Christie’s Calls It Equilibrium. The Data Backs That Read.

Christie’s 2026 Prime Sentiment Index came in at 14.4 — down from 15.6 — but price expectations rose and inventory loosened. The firm’s read: a soft landing, not a turn.

When Christie’s International Real Estate calls the 2026 luxury housing market a “glide toward equilibrium,” it’s making a specific claim: this is not a turn. The 2026 Global Luxury Perspectives report, published last month, puts the Prime Sentiment Index at 14.4 — below 2025’s 15.6, but still positive, still above the zero threshold that separates improving markets from deteriorating ones.

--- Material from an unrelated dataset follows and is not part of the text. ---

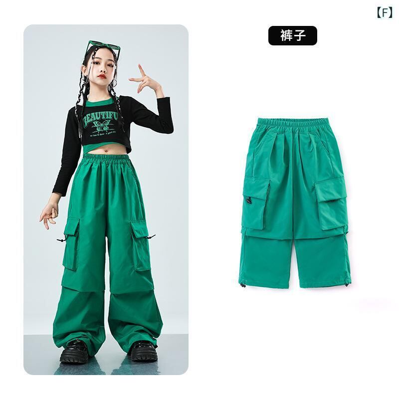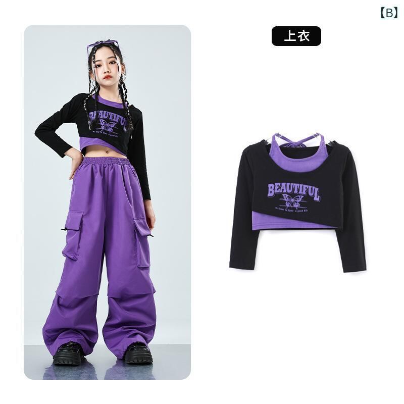 ダンス衣装 キッズ 女の子 ガールズ チアダンス 힙합 上下セット ジャズダンス ストリート HIPHOP 子供 発表会 演奏会 舞台用 普段使い レッスン着 練習着 かわいい

The components support that framing. Buyer demand fell from 37.7 to 29.3, the largest single-component drop in this survey cycle. That alone would read as a warning sign in isolation. But the price outlook component moved the other way — up from 13.8 to 14.0 — and inventory pressure eased. A demand decline that coincides with inventory relief and stable price expectations is not a correction. It’s a normalization.

Three structural forces drove the composite down. Mortgage rates in the high-five to low-six percent range have settled out of shock territory but still discipline the rate-sensitive luxury buyer — second homes, trade-ups, and aspirational purchases. New construction completions are arriving in Florida, Hawaii, and Western ski markets, adding supply to corridors that had been undersupplied since 2020. International capital in the over-$10 million segment has shifted toward Dubai and Singapore and away from traditional US destinations like Aspen and the Hamptons, reflecting both currency dynamics and a reassessment of political risk premiums across markets.

The Geographic Divergence

Naples, Florida cooled the most sharply among tracked US markets. Vail Valley also pulled back. Both markets overshot during the pandemic-era migration wave and are now correcting with the supply that finally arrived. The Hamptons held flat. New York City improved on every PSI component — buyer demand, price outlook, inventory — with the trophy-condo tier posting the clearest gains. Mexico City and Lisbon were the strongest improvers in the international category. London and Paris were flat for the second straight year.

Christie’s affiliate broker desks are not discounting. Trophy listings have held their asking prices. The bid-ask spread has tightened. Closings have steadied. Those are the observable signals of a market that has found a functional level, not one that is beginning a downward search for the next floor.

The October PSI reading will be the first checkpoint against Q3 transaction data. The broker network’s early read supports the equilibrium thesis.